> _ABOUT THIS TASK_
Reproduce the listing below word for word, with no pictures.

(Beginning of MATERIAL PROVIDED)

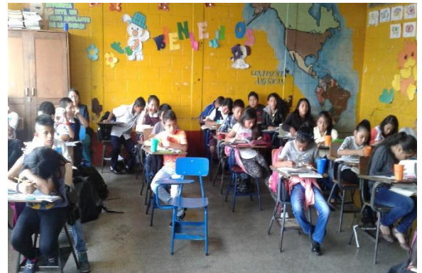
Alumnos de cuarto Primaria, recibiendo clases
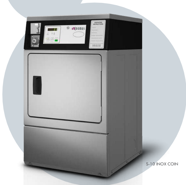
S-10 INOX COIN
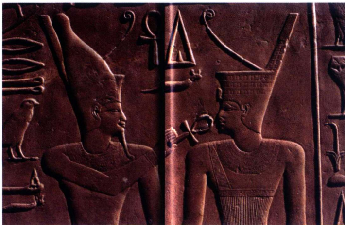
圖 1-1 為「卡那克—地塞努斯雷特一世白禮拜堂的浮雕（局部）」。據傳統上埃及為白色高大的王冠，外型很像一個立柱；下埃及為紅色平頂柳條編織的王冠，冠頂後側向上凸起，也呈細高的立柱形。圖左的王冠為雙重王冠，象徵上下埃及統一；圖右的王冠為下埃及的王冠。

據傳統說法，完成埃及統一事業的是一位來自南方上埃及的武士，他叫美尼斯（又稱納莫），是第一位把北至尼羅河三角洲的整個埃及都置於自己控制之下的國王，當了第一名法老，配雙重王冠（象徵上下埃及統一，如圖 1-1 的法老），日後歷經 30 個王朝，至西元前 525 年被波斯所滅，歷史上稱這一段歷史為古埃及時期。據分析，古埃及人可能是一支已滅絕的地中海民族，不是白種人及黑種人，雖有這樣的判斷，但是對於他們的屬性至今仍未清楚。古埃及文明雖有深遠的歷史，可惜自羅馬時期之後漸被湮沒，不久之後，這個文明已經完全被終止了，連同相關的文字典章也沒有保留下來，今天所知有關埃及的事蹟，大體是埃及學者
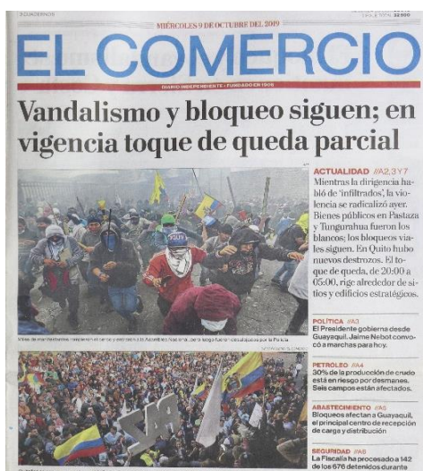
Fuente: El Comercio , 09-10-2019
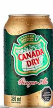
CANADA DRY $1.500 Canada Dry 330 cc
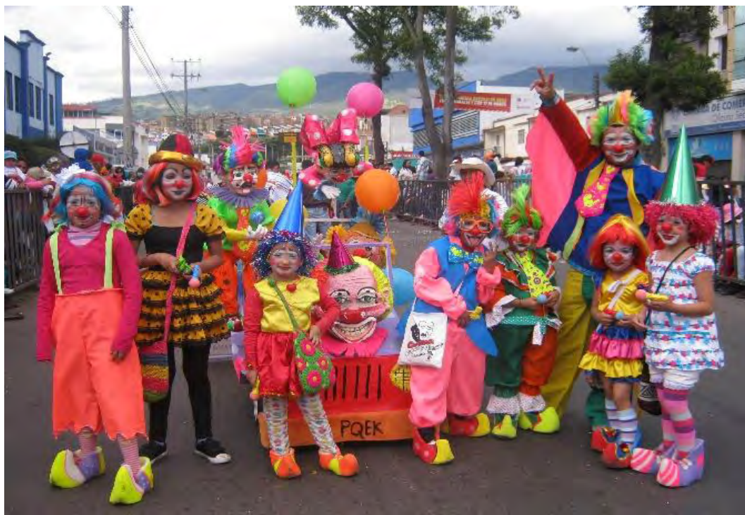
Figura 27. Actividad artística con nuestros hijos

La educación viene desde la casa, y que bueno sería que las casas sean escuelas y talleres, en donde todos los miembros de la familia participen y sean fuente principal de nuestros saberes, aquí está demostrado que para aprender solo es necesario tener las ganas y la disposición en fortalecer nuestro Carnaval de Negros y Blancos.
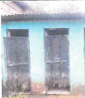
Foto 5: Puertas de los sanitarios dañadas, no cuentan con chapa para poder cerrarlas.
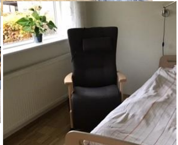
De nye stole passer så fint på patientstuerne
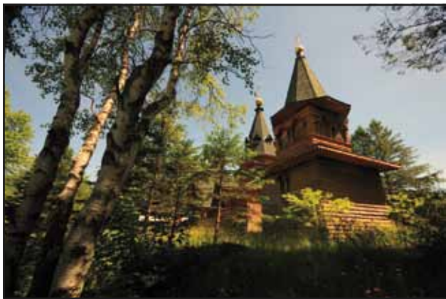
Le monastère orthodoxe russe

Il est possible de visiter les lieux en respectant leur caractère religieux. Le cimetière à l'ombre de l'église est le plus récent du canton.
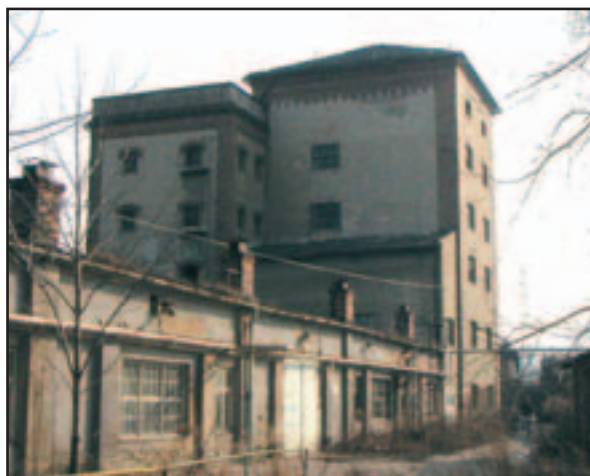
Sladovna Briess – současný stav.

(End of MATERIAL PROVIDED)

> _TASK ANSWER_
Alumnos de cuarto Primaria, recibiendo clases
S-10 INOX COIN
圖 1-1 為「卡那克—地塞努斯雷特一世白禮拜堂的浮雕（局部）」。據傳統上埃及為白色高大的王冠，外型很像一個立柱；下埃及為紅色平頂柳條編織的王冠，冠頂後側向上凸起，也呈細高的立柱形。圖左的王冠為雙重王冠，象徵上下埃及統一；圖右的王冠為下埃及的王冠。

據傳統說法，完成埃及統一事業的是一位來自南方上埃及的武士，他叫美尼斯（又稱納莫），是第一位把北至尼羅河三角洲的整個埃及都置於自己控制之下的國王，當了第一名法老，配雙重王冠（象徵上下埃及統一，如圖 1-1 的法老），日後歷經 30 個王朝，至西元前 525 年被波斯所滅，歷史上稱這一段歷史為古埃及時期。據分析，古埃及人可能是一支已滅絕的地中海民族，不是白種人及黑種人，雖有這樣的判斷，但是對於他們的屬性至今仍未清楚。古埃及文明雖有深遠的歷史，可惜自羅馬時期之後漸被湮沒，不久之後，這個文明已經完全被終止了，連同相關的文字典章也沒有保留下來，今天所知有關埃及的事蹟，大體是埃及學者
Fuente: El Comercio , 09-10-2019
CANADA DRY $1.500 Canada Dry 330 cc
Figura 27. Actividad artística con nuestros hijos

La educación viene desde la casa, y que bueno sería que las casas sean escuelas y talleres, en donde todos los miembros de la familia participen y sean fuente principal de nuestros saberes, aquí está demostrado que para aprender solo es necesario tener las ganas y la disposición en fortalecer nuestro Carnaval de Negros y Blancos.
Foto 5: Puertas de los sanitarios dañadas, no cuentan con chapa para poder cerrarlas.
De nye stole passer så fint på patientstuerne
Le monastère orthodoxe russe

Il est possible de visiter les lieux en respectant leur caractère religieux. Le cimetière à l'ombre de l'église est le plus récent du canton.
Sladovna Briess – současný stav.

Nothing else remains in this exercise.